> RECORDS PROVIDED:

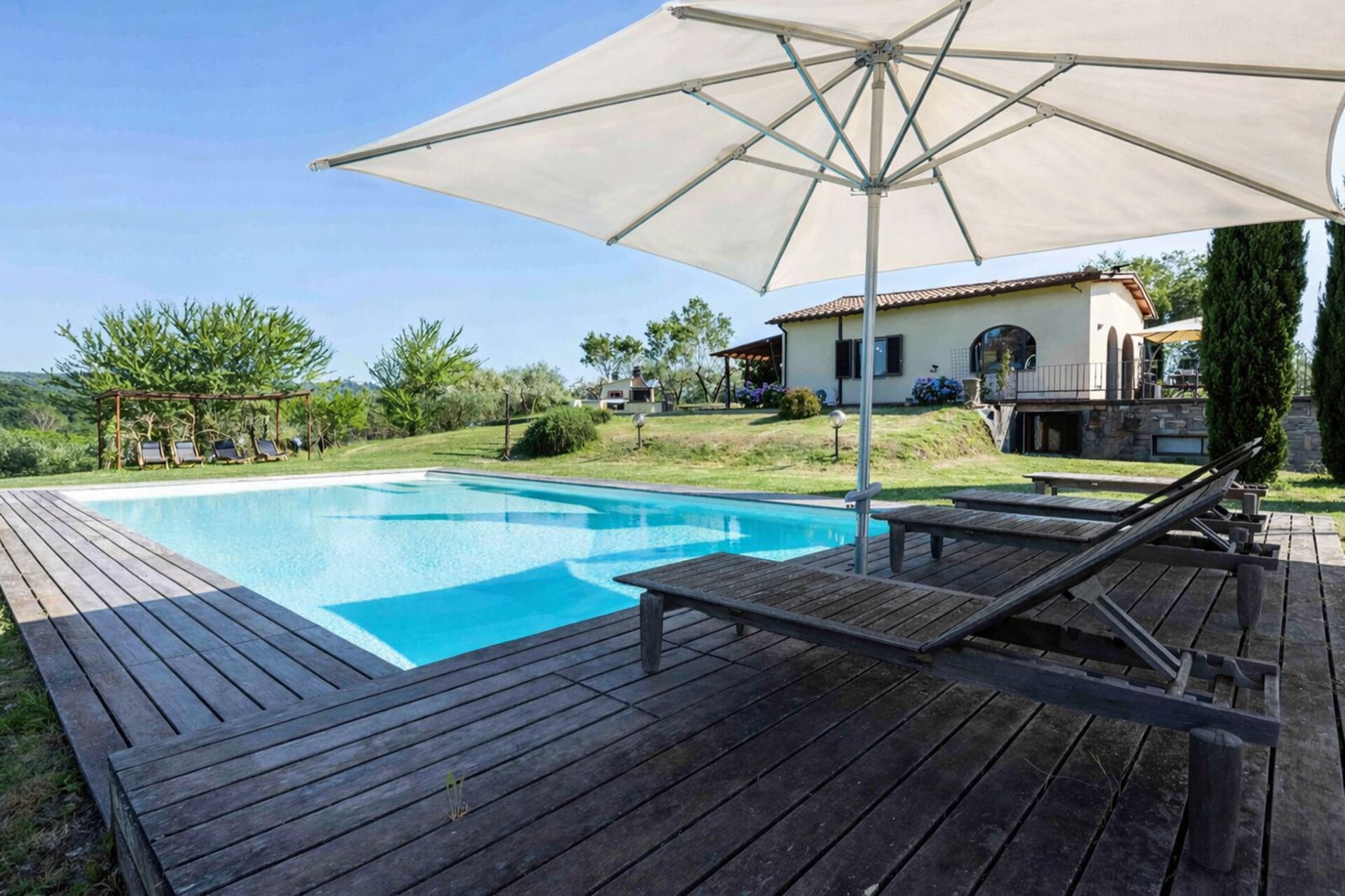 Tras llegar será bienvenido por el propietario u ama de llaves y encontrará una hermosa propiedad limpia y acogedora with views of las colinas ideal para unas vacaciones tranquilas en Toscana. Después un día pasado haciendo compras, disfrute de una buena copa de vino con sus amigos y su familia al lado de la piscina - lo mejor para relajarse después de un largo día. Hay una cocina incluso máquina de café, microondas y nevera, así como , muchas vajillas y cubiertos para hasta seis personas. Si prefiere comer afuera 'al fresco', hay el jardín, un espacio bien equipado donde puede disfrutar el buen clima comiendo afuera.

--

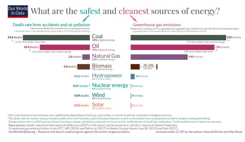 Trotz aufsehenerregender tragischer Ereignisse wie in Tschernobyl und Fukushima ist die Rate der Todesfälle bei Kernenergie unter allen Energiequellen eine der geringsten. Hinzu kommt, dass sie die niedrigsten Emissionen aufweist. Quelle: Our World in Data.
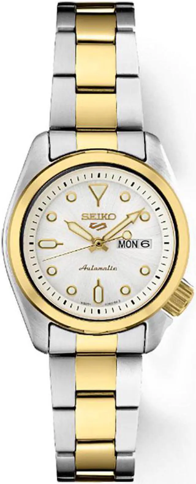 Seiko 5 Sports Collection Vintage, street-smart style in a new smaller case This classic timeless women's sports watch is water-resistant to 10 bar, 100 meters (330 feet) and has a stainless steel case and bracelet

---

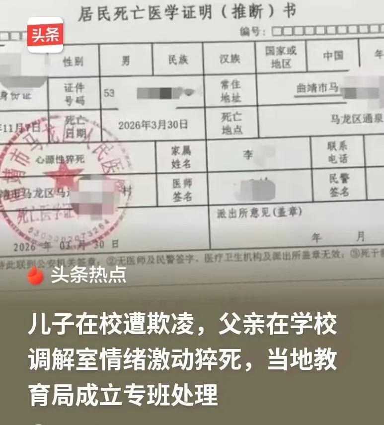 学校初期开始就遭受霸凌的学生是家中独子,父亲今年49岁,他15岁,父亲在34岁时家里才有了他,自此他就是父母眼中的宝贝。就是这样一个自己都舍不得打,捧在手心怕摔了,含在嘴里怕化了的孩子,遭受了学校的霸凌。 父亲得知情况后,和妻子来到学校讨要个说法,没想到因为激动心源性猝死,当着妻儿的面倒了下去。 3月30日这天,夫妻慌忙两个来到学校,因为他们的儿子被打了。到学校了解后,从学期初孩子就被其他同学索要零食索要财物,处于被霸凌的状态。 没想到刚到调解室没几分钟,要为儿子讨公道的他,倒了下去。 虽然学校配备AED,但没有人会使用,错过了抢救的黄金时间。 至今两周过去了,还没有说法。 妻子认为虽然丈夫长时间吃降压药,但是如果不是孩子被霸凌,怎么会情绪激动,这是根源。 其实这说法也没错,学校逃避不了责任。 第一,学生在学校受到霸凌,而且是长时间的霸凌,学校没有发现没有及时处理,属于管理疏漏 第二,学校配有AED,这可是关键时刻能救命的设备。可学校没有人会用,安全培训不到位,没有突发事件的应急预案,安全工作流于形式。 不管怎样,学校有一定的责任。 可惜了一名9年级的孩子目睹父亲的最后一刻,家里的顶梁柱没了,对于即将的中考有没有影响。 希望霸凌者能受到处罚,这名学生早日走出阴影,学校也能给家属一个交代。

> TASK GOAL: Out of the records above, return only the lines from the one with "Trotz aufsehenerregender tragischer" through the one with "Seiko 5 Sports", exactly, and none of the pictures.

> EXERCISE ANSWER:
 Trotz aufsehenerregender tragischer Ereignisse wie in Tschernobyl und Fukushima ist die Rate der Todesfälle bei Kernenergie unter allen Energiequellen eine der geringsten. Hinzu kommt, dass sie die niedrigsten Emissionen aufweist. Quelle: Our World in Data.
 Seiko 5 Sports Collection Vintage, street-smart style in a new smaller case This classic timeless women's sports watch is water-resistant to 10 bar, 100 meters (330 feet) and has a stainless steel case and bracelet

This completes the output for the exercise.